[Entries taken from a collection]
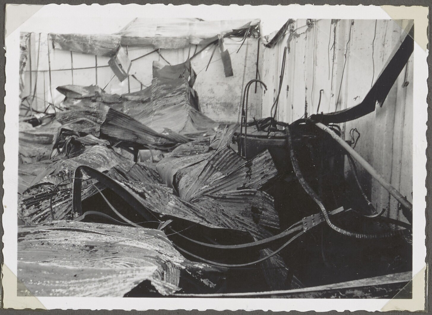 De spiritusfabriek 'Wates' tijdens de brand van 1937...
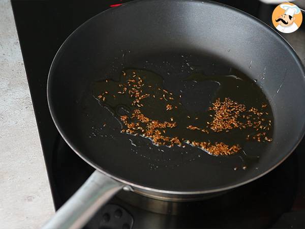 Faire chauffer de l'huile d'olive dans une poêle, et y faire revenir l'anis vert quelques minutes.
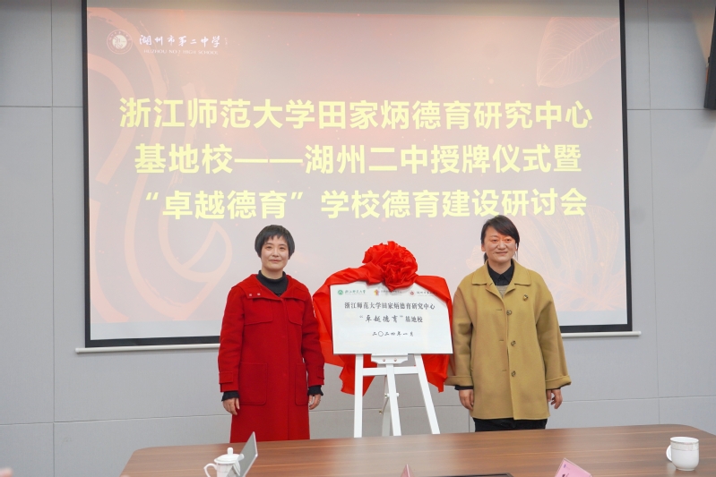 2024年1月2日至1月3日,浙江师范大学田家炳德育研究中心(以下简称“中心”)在嘉善县实验小学、湖州市第二中学(以下简称“湖州二中”)隆重举行基地校授牌仪式及各学校对应德育建设专题研讨会。
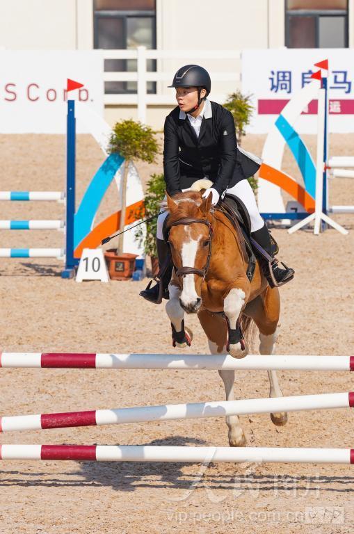 2023年11月25日,在浙江省金华市金东区岭下镇举行的2023年浙江省青少年马术锦标赛赛场上,骑手与马配合默契,悬空一跃而过。
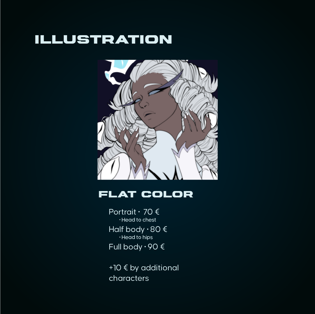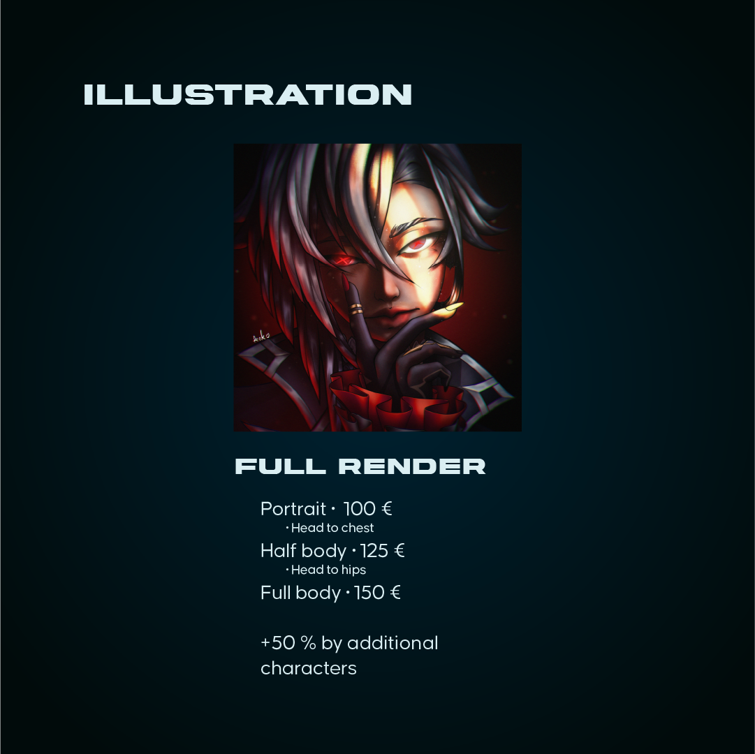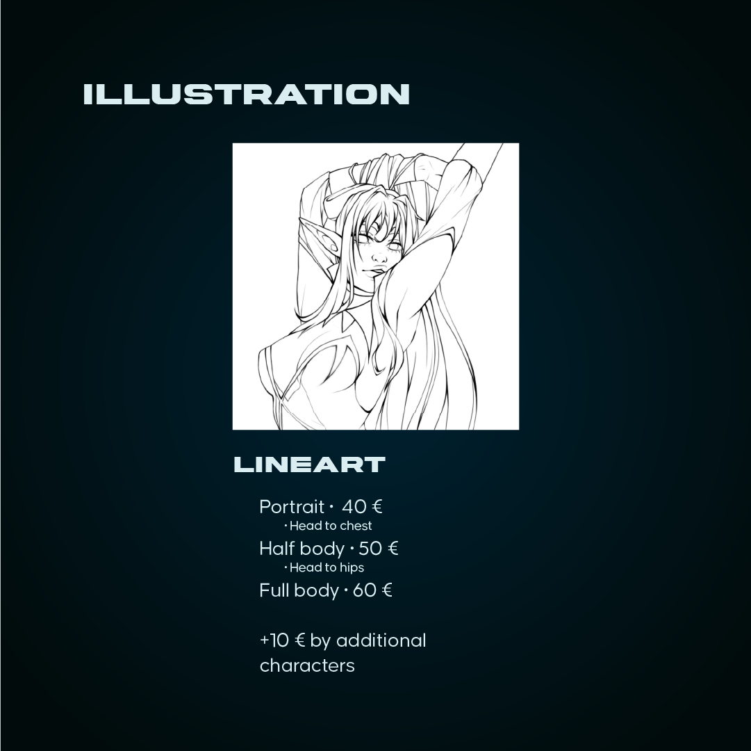 If the commissioned piece is intended for commercial use, the client needs to purchase the commercial rights in order to use the artwork. The commercial rights will be up to 200% of the commission original price. Buying commercial rights allows you to make merch with the artwork, like books, covers, use it as Props, change it to your liking and promote your own brand with it. Credit is still required for usage of the arwork.
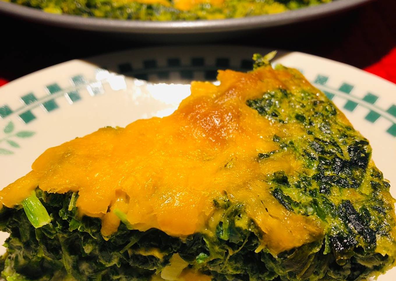 - In a bowl combine: drained spinach, black pepper, salt, crushed red pepper, minced dried onion, ground nutmeg, eggs and heavy cream, whisk well.........

- _TO DO_
In the copy, include no pictures; otherwise transcribe the entries exactly.

- _EXERCISE RESPONSE_
 De spiritusfabriek 'Wates' tijdens de brand van 1937...
 Faire chauffer de l'huile d'olive dans une poêle, et y faire revenir l'anis vert quelques minutes.
 2024年1月2日至1月3日,浙江师范大学田家炳德育研究中心(以下简称“中心”)在嘉善县实验小学、湖州市第二中学(以下简称“湖州二中”)隆重举行基地校授牌仪式及各学校对应德育建设专题研讨会。
 2023年11月25日,在浙江省金华市金东区岭下镇举行的2023年浙江省青少年马术锦标赛赛场上,骑手与马配合默契,悬空一跃而过。
 If the commissioned piece is intended for commercial use, the client needs to purchase the commercial rights in order to use the artwork. The commercial rights will be up to 200% of the commission original price. Buying commercial rights allows you to make merch with the artwork, like books, covers, use it as Props, change it to your liking and promote your own brand with it. Credit is still required for usage of the arwork.
 - In a bowl combine: drained spinach, black pepper, salt, crushed red pepper, minced dried onion, ground nutmeg, eggs and heavy cream, whisk well.........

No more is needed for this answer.